Add additional content to the bundle

A bundle acts as a consistent packaging of a complete Flow. By default, it includes only the project metadata. As a result, all datasets will come empty, and models will come untrained. However, depending on the use case, we can choose to include additional datasets, managed folders, saved models, or model evaluation stores.

Let’s add the saved model trained on the Design node to the bundle so it can be used for scoring new production data on the Automation node.

  • Name the bundle v1.

  • In the Additional Content section, to the right of Saved models, click +Add.

  • Choose Predict authorized_flag (binary).

Unlike in most real-life projects that would be connected to some kind of database, our initial datasets are uploaded files. Therefore, they won’t be re-computed from production sources. To access these files in the production environment then, we’ll also need to include them in the bundle.

  • In the Additional Content section, to the right of Datasets, click Add. Choose cardholder_info_csv and merchant_info_csv.

  • To the right of Managed folders, click Add. Choose transaction_data and new_transaction_data.

  • Click Create.

Dataiku screenshot of the bundle creation page showing a saved model and input data included.

Note

You can learn more about creating a bundle in the reference documentation.

Publish the bundle to the Deployer

We now have a project bundle. We could always download this file and upload it to the Automation node. Instead of this manual process, however, we are going to use the Project Deployer, which centralizes the history of all deployments, and so is the strongly preferred method.

  • From the Bundles page of the project on the Design node, select the v1 bundle.

  • Click Publish on Deployer, and then again confirm the same.

Dataiku screenshot of the dialog for publishing a bundle to the Deployer.

Explore the Deployer

Before actually deploying the bundle to the Automation node, let’s take a look at what the Deployer, and in particular the Project Deployer, offers.

There are actually two modes for installing the Deployer:

  • One is a local Deployer that sits on top of either the Design or Automation node and requires no further setup.

  • The other is a standalone or remote Deployer for infrastructures with multiple Design and/or Automation nodes.

Regardless of which setup your instance administrators have chosen, the process for using the Project Deployer is the same.

  • If you are using a remote Deployer, make sure you are connected to this instance. (You’ll need credentials from your instance administrator).

  • Then for either setup, from the bundle details page on the Design node, click Open in Deployer. If you’ve closed this dialog, just click Deployer where the publishing date is recorded.

Dataiku screenshot of the bundles page showing a bundle published to the Deployer.

Note

You can also always navigate to the Deployer by choosing Local/Remote Deployer in the Applications menu from the top navigation bar.

Before actually creating a new deployment, take a moment to explore the Deployer. If you are using the remote Deployer, note the change in the instance URL.

  • From the Project Deployer, click on Deployer at the top left to see how this node has separate components for deploying projects or API services.

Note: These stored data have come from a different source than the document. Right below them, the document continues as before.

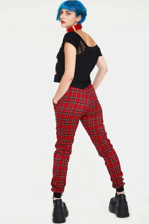 These tartan trousers have skeleton legs print, drawstring waist, ribbed hem and waist, pockets, slim leg and a figure accentuating shape.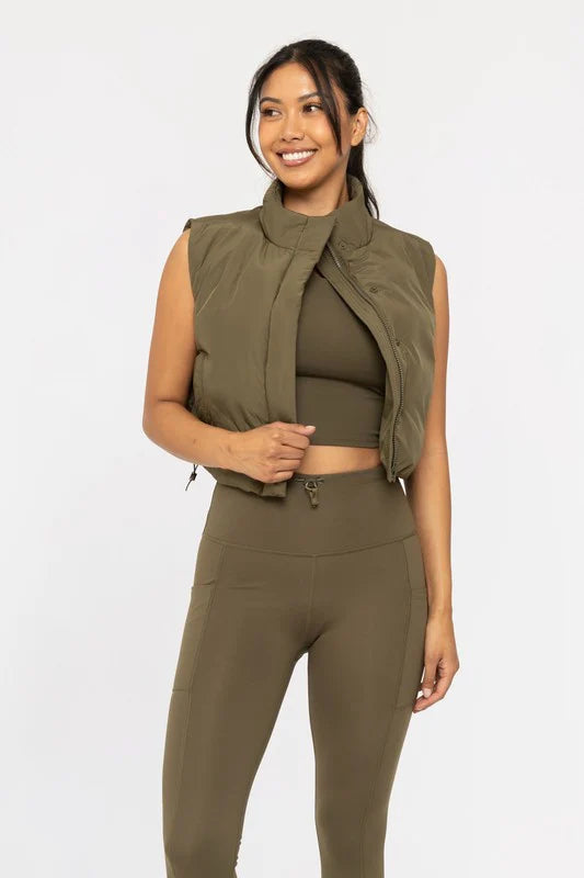 Stay cozy and stylish with this Cropped High Neck Puffer Vest! The cinched bottom traps warmth right where you need it, while side-entry welt pockets stash your essentials safely. A full zipper with snap buttons leads up to a snug high neck, guarding you against chilly winds. Perfect for adding a playful edge to your cold-weather wardrobe.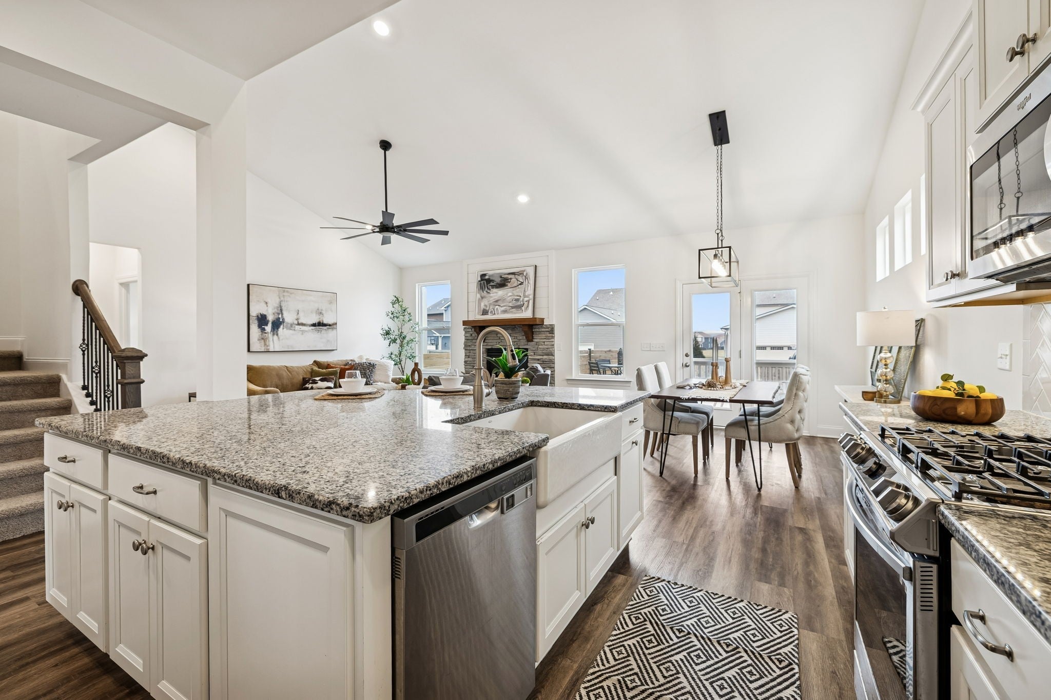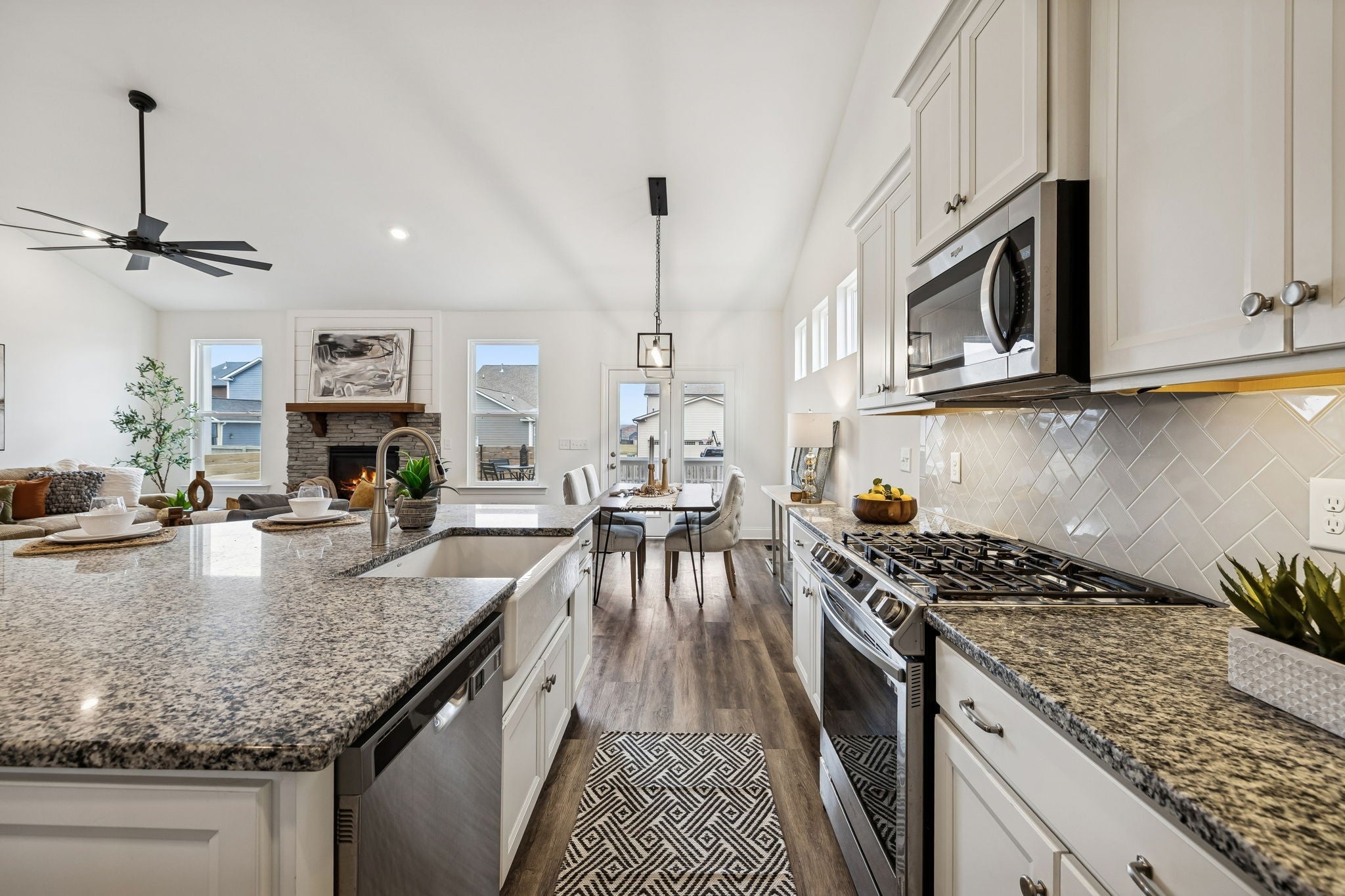 - Electric Oven, Gas Range, Dishwasher, Disposal, Dryer, Microwave, Refrigerator, Stainless Steel Appliance(s), Washer

  • Click on Projects to view current deployments, projects that have published bundles, and available infrastructures.

Dataiku screenshot of a bundle on the Project Deployer.

Create a new deployment

Thus far, we’ve published a bundle from the Design node to the Project Deployer. But, to create an active deployment, there’s a second step. We still need to push the bundle from the Project Deployer to an Automation node.

  • First click Deployments in the top navigation bar to view all deployments on the instance.

  • In the Bundles to deploy panel on the left of the Project Deployer, find the v1 bundle for this project, and, click Deploy.

    Warning

    If the Deploy button is not clickable, it means there is no infrastructure ready for deployment. Please contact your instance administrator to create one.

  • Choose a Target infrastructure. This will vary depending on the infrastructure available to your organization.

  • Leave the default Deployment ID, which takes the form of <PROJECTKEY>-on-<infrastructure>.

  • Click Create, and then Deploy and Activate.

Dataiku screenshot of the dialog for creating a new deployment.

Note

Just as when importing a project to an instance (such as from a project export), you may see warnings about missing plugins or plugin version mismatches. If any of these plugins are used in the project at hand, you’ll want to closely review them.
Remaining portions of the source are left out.